Bash: calculate age of the newest file in directory

Question

I need a bash script to get the age of the newest file in given directory (in hours or seconds). For example:

-rw-r--r-- 1 root root 3.0M 2012-12-31 12:36 2012_12_31_1236_redis_dump_encrypted.tgz
-rw-r--r-- 1 root root 2.8M 2013-01-01 11:33 2013_01_01_1133_redis_dump_encrypted.tgz
-rw-r--r-- 1 root root 2.4M 2013-01-04 14:17 2013_01_04_1417_redis_dump_encrypted.tgz
-rw-r--r-- 1 root root 2.7M 2013-01-05 12:26 2013_01_05_1226_redis_dump_encrypted.tgz
-rw-r--r-- 1 root root  54M 2013-01-06 14:16 2013_01_06_1415_redis_dump_encrypted.tgz
-rw-r--r-- 1 root root 3.7M 2013-01-07 16:42 2013_01_07_1642_redis_dump_encrypted.tgz
-rw-r--r-- 1 root root 3.4M 2013-01-08 12:36 2013_01_08_1236_redis_dump_encrypted.tgz

Command should accept path to directory and return how many seconds have passed since newest file ( 2013_01_08_1236_redis_dump_encrypted.tgz ) was created.
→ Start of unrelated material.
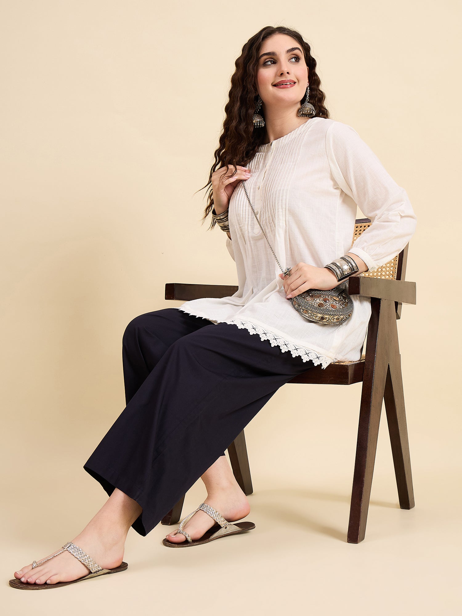 Ethnic Set Women white Printed Straight Kurta and Pant set with Dupatta

I need this in order to monitor age of the latest backup with zabbix (I want an alert in case backup mechanism breaks). One-liner would be great, because it is more conviniant to use as zabbix user parameter, but not necessary.

Thank you!

Answer 1

Perl救援：

perl -le '$d=shift;chomp($f=(`ls -t $d/*`)[0]);print 24*60*60*-M$f' /path/to/dir

Answer 2

It's as old post but maybe it helps somebody.

I use the below method to calculate time in hours for files

 echo $(( ( $(date +%s) - $(stat -c %Y filen.name)) / (60*60)  ))

date +%s - gives seconds since 1970-01-01 00:00:00 UTC

stat -c %Y - gives the same for the file in the parameter

This doesn't work on OS X and BSD, stat doesn't have -c option but most Linux distributions should be ok.

Answer 3

This is probably a bit fragile but should return the age in seconds of the newest file (or directory) in $DIR :

echo $(( $(date +%s) - $(ls -t $DIR | head -1 | xargs stat -f %a -t %s) ))

The %s time format is the number of seconds since the epoch, so the above line gets the name of the newest file ( ls -t $DIR | head -1 ), gets its last accessed time time in seconds since the epoch ( stat -f %a -t %s ), and subtracts this from the current time in seconds since the epoch.

Answer 4

这将返回以秒为单位的年龄和文件名。

stat -c "%Y %n" -- * | sort -rn | awk -v d=$(date +%s) 'NR==1 {print (d-$1), $2; exit}'

Answer 5

# If no files less than 5 minutes old are found, print a 1. Otherwise print a 0.
if [[ -z $(find $PATH -type f -mmin -5 2>/dev/null) ]]; then echo "1"; else echo "0"; fi

This is pretty clean for a one-liner! The minute you need to send in command-line arguments, you need.. a PROGRAM! G0T0 10 FTW!!!!!1!!